Western blotting for molecules involved in apoptosis in solid tumors
Western blotting was also carried out using the SK-N-DZ and SK-N-BE2 tumor samples for examination of specific molecules involved in apoptosis after the transfection and treatment. The solid tumors were weighed, cut into small pieces, and homogenized using an Omni Ruptor 400 Ultrasonic homogenizer (Omni International, Kennesaw, GA, USA). The homogenized tumor samples were centrifuged at 15,000 g for 10 min at 4°C and the supernatants were collected. Protein concentration in the supernatant was determined using the Coomassie-Plus protein assay (Pierce Biotechnology, Rockford, IL, USA) and the samples were stored at −20°C until used for Western blotting. Western blotting was performed, as described above, using these protein samples and the primary IgG antibodies against caspase-8, tBid, Bax, Bcl-2, Smac, survivin, calpain, caspase-3, and SBDP.
Statistical analysis
The results from some of the experiments were were analyzed for statistical significance using Minitab 16 statistical software (Minitab, State College, PA, USA). Data were expressed as mean ± standard error of mean (SEM) of separate experiments (n ≥ 3) and compared by one-way analysis of variance (ANOVA) followed by the Fisher’s post-hoc test. Difference between a control (CTL) group and a treatment group was considered signi cant at p < 0.05.
Results
Levels of miR-138 expression after hTERT shRNA transfection and APG treatment
To examine any alterations in miR-138 expression in human malignant neuroblastoma SK-N-DZ and SK-N-BE2 cells after hTERT shRNA transfection and APG treatment, we performed first semi-quantitative RT-PCR and then real-time qRT-PCR experiments (Fig. 1). As revealed from the resolved RT-PCR products on the 2.2% agarose gels, expression of the tumor suppressor miR-138 was clearly elevated after combination therapy in both cell lines (Fig. 1A). Further, real-time qRT-PCR analyses were performed to quantify the levels of miR-138 expression in both cell lines after transfection and treatment (Fig. 1B). We did not observe any difference in miR-138 expression between scrambled hTERT shRNA plasmid transfected cells and untreated control cells (data not shown). Therefore, scrambled hTERT shRNA plasmid was used as the control vector in the experiments. Transfection of cells with hTERT shRNA alone was more effective than treatment of cells with APG alone in increasing miR-138 expression. Interestingly, when compared with a monotherapy (scrambled shRNA, hTERT shRNA, or APG), combination of hTERT shRNA and APG most significantly increased the levels of miR-138 expression in both cell lines. Combination therapy was so effective that it could cause almost 5 times higher miR-138 expression than scrambled shRNA in both cell lines.

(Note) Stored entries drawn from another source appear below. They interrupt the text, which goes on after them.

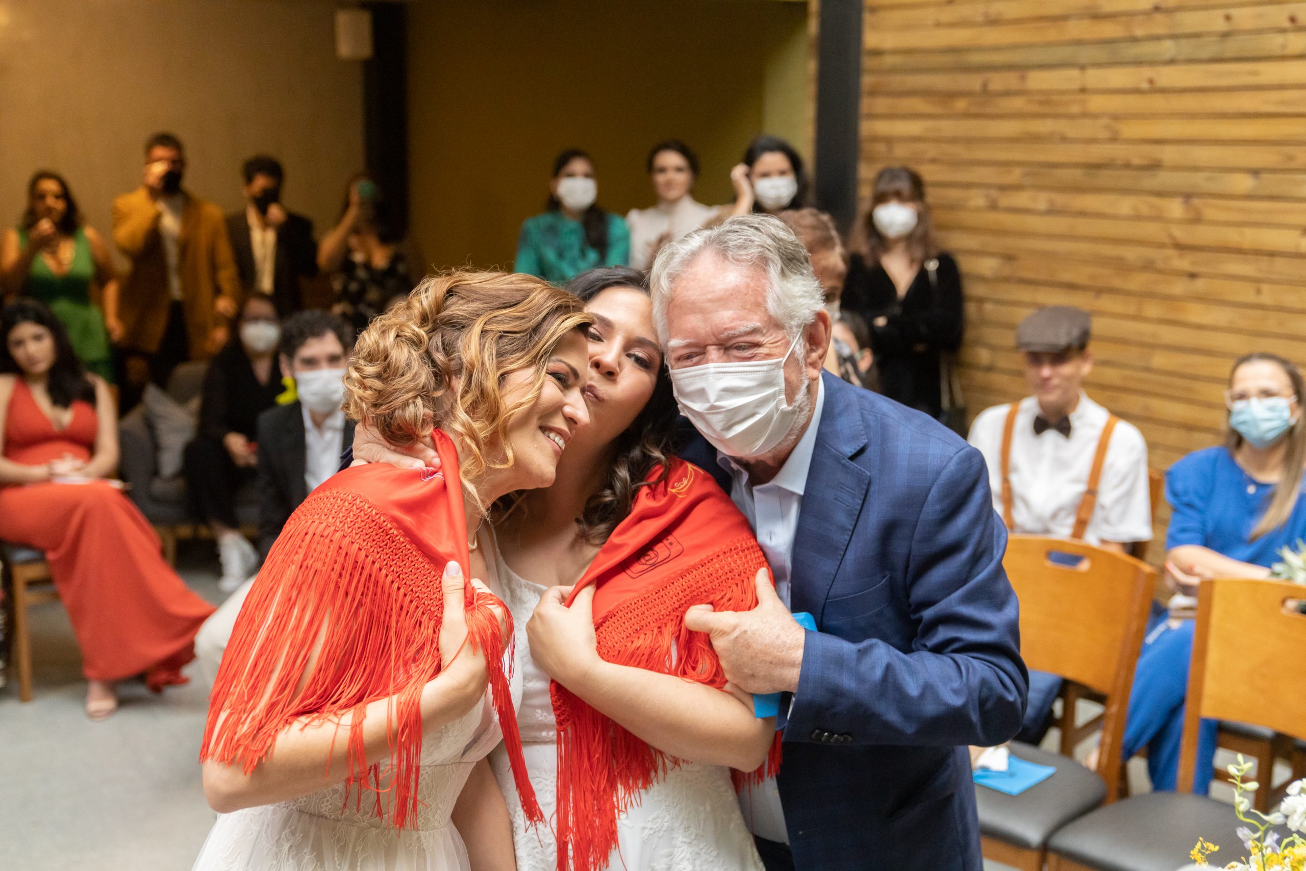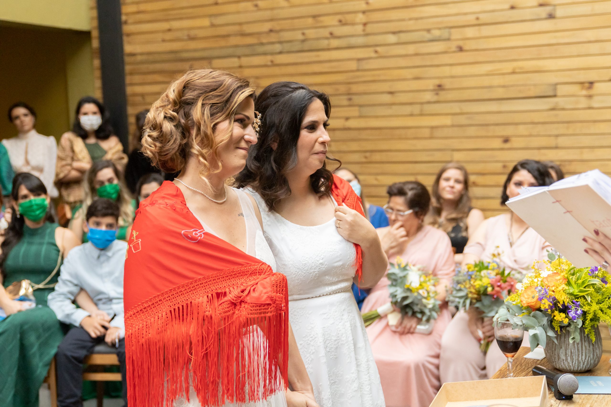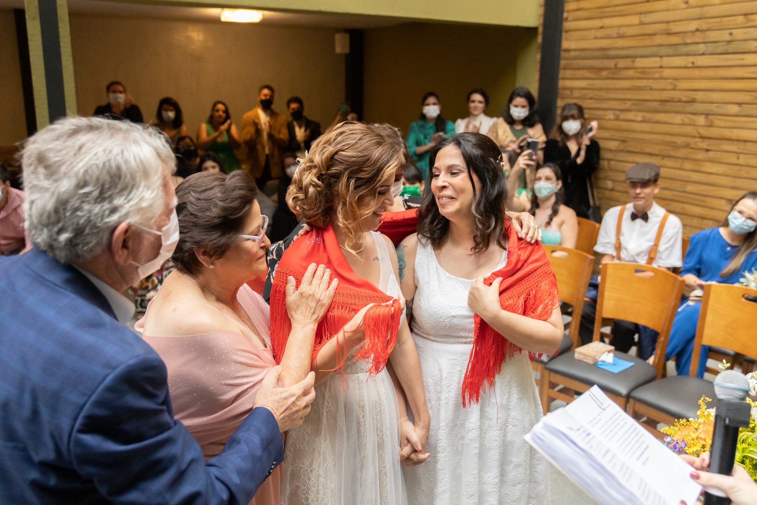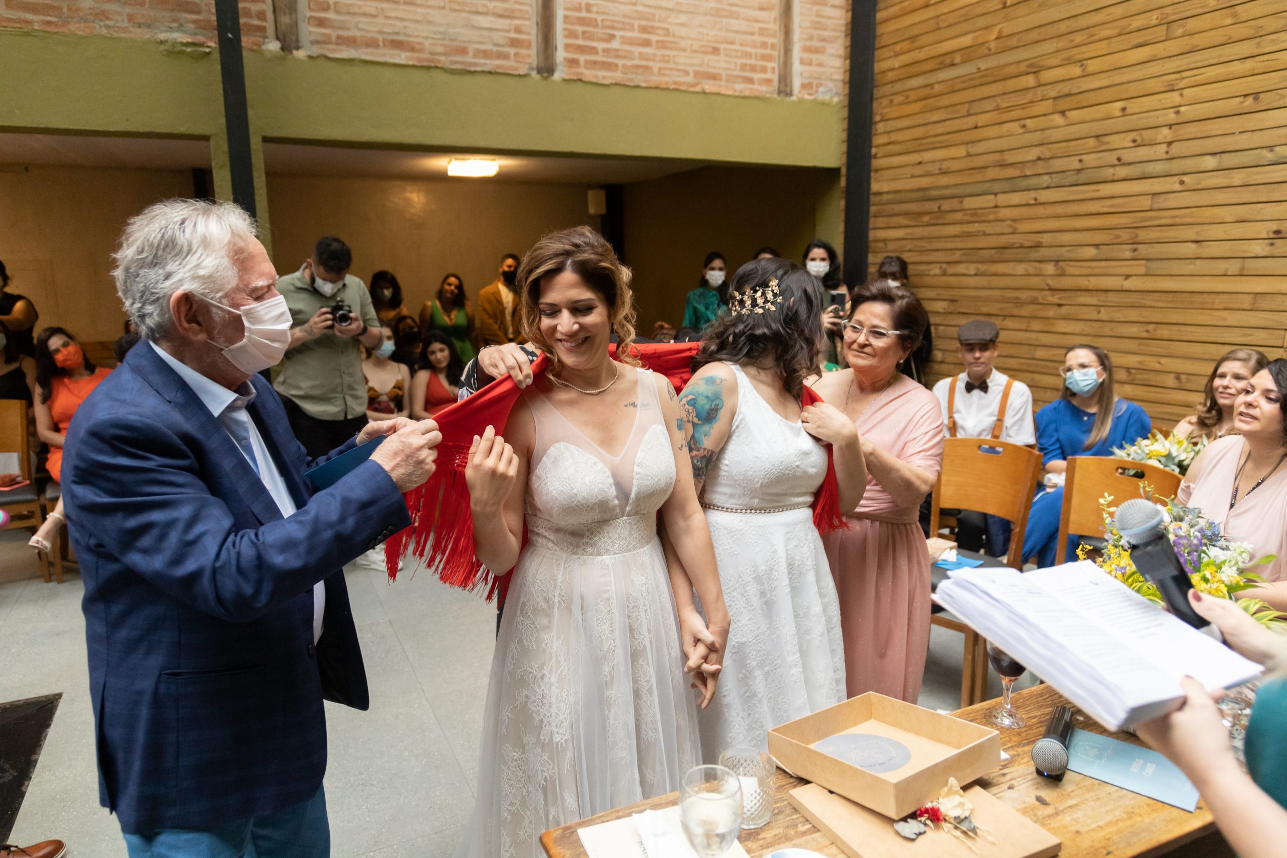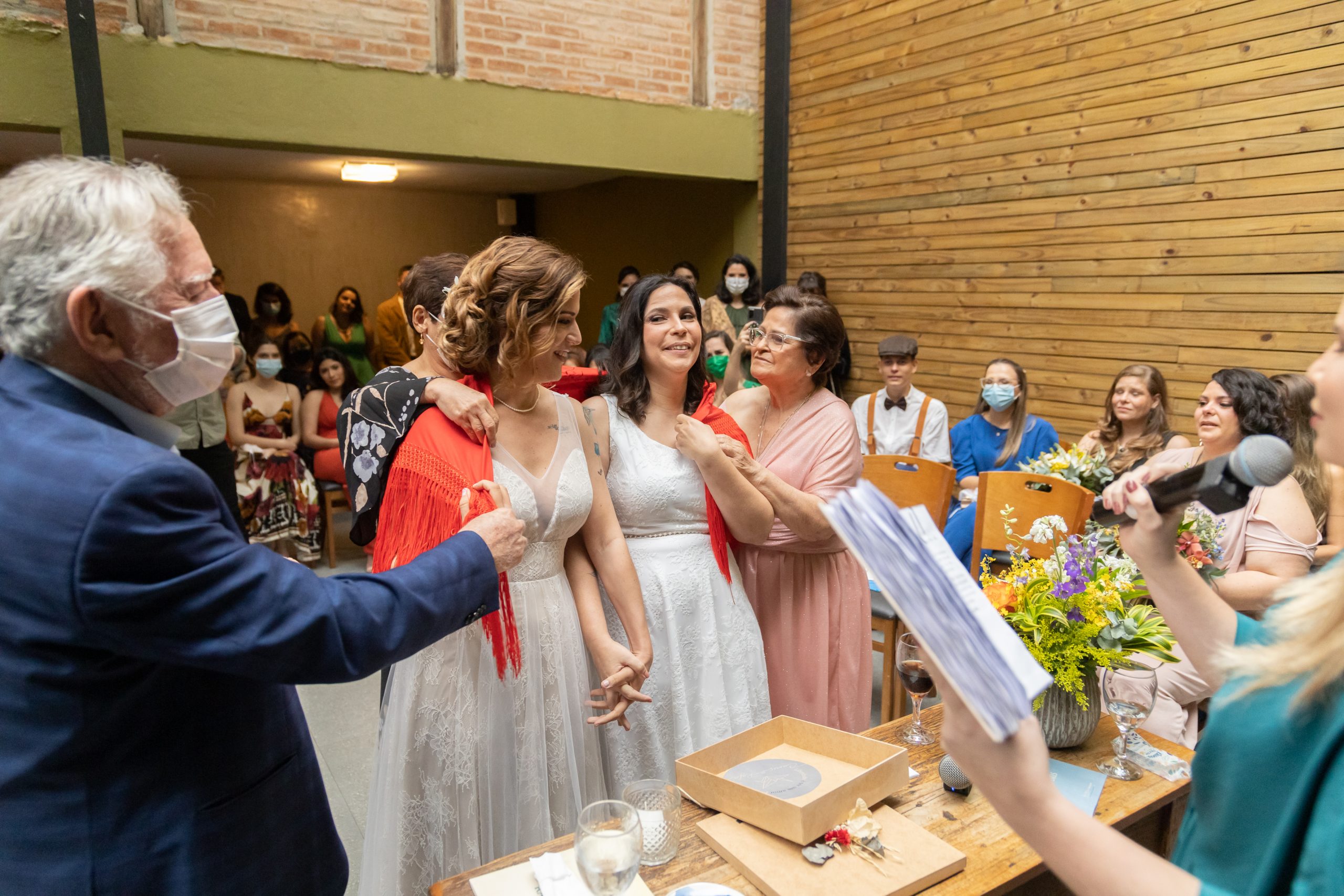 Pedi, então, que os pais delas viessem até o altar, representando todos os convidados, e envolvessem as nossas queridas noivas com esse manto, acreditando que bons desejos são uma redoma forte e poderosa, uma capa de proteção, um aconchego em dias difíceis.
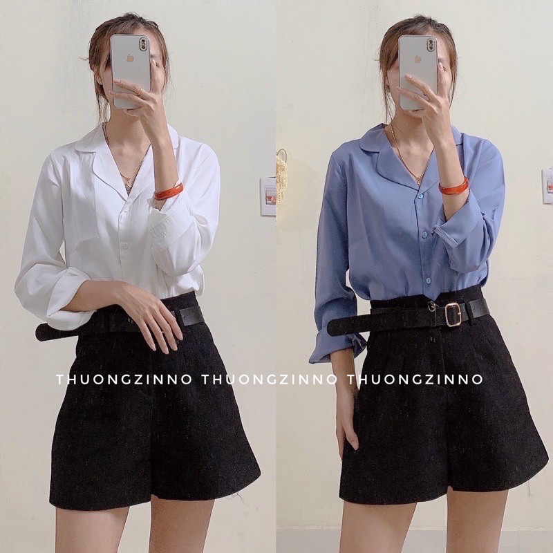 Thời Trang Nữ > Quần đùi > Quần váy || [Ảnh thật/Video]Áo sơ mi cổ vest quốc dân phong cách mới phối chân váy, quần jeans ,quần tây , quần sort bao xinh
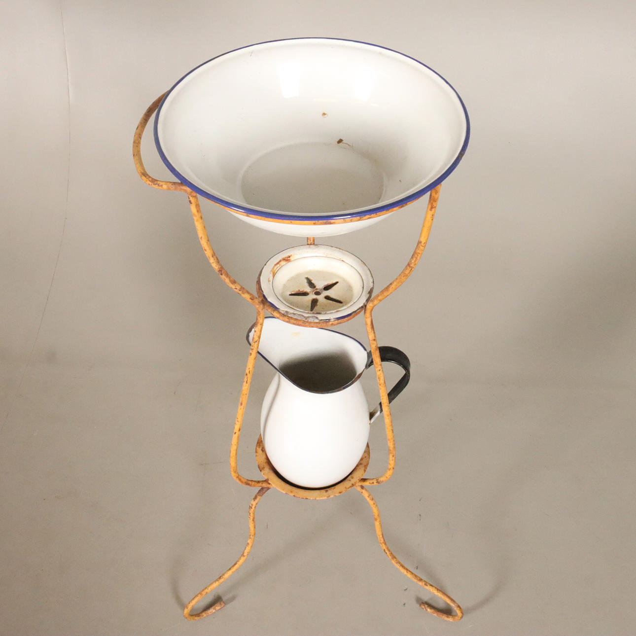 Med kanna och tvålkopp och fat Ställets höjd 82 cm fatets diameter 32 cm.

More power of miR-138 mimic than hTERT shRNA plasmid in potentiating efficacy of APG in decreasing both cell viability and colony formation
We determined cell viability and colony forming ability of the cells after transfection with miR-138 mimic or hTERT shRNA plasmid and treatment with APG alone and in combination in both SK-N-DZ and SK-N-BE2 cell lines (Fig. 2). We observed significant decreases in cell viability after miR-138 overexpression, hTERT knockdown, or APG treatment (Fig. 2A). Untreated control (CTL) and scrambled miR-138 transfection equally maintained cell viability in both neuroblastoma cell lines. Interestingly, miR-138 overexpression was more effective than hTERT knockdown or APG treatment alone in decreasing cell viability in both cell lines. Among all the strategies (Fig. 2A), miR-138, hTERT shRNA and APG, and miR-138 and APG were effective in causing around 54%, 75%, and 85% cell death, respectively, in both cell lines. So, we decided to explore comparative efficacies of these three strategies in our clonogenic assay (Fig. 2B) and all subsequent experiments. Clonogenic assay is based on the ability of a single cell to form a multicellular colony of a minimum of 50 cells within in a particular time frame. When compared with miR-138 alone or combination of hTERT shRNA and APG, we found that combination miR-138 and APG most significantly decreased the colony forming ability of the cells (Fig. 2B). These results clearly indicated that direct miR-138 overexpession was more powerful than hTERT knockdown in potentiating the efficacy of APG treatment in decreasing cell viability as well as colony formation ability of human malignant neuroblastoma cells.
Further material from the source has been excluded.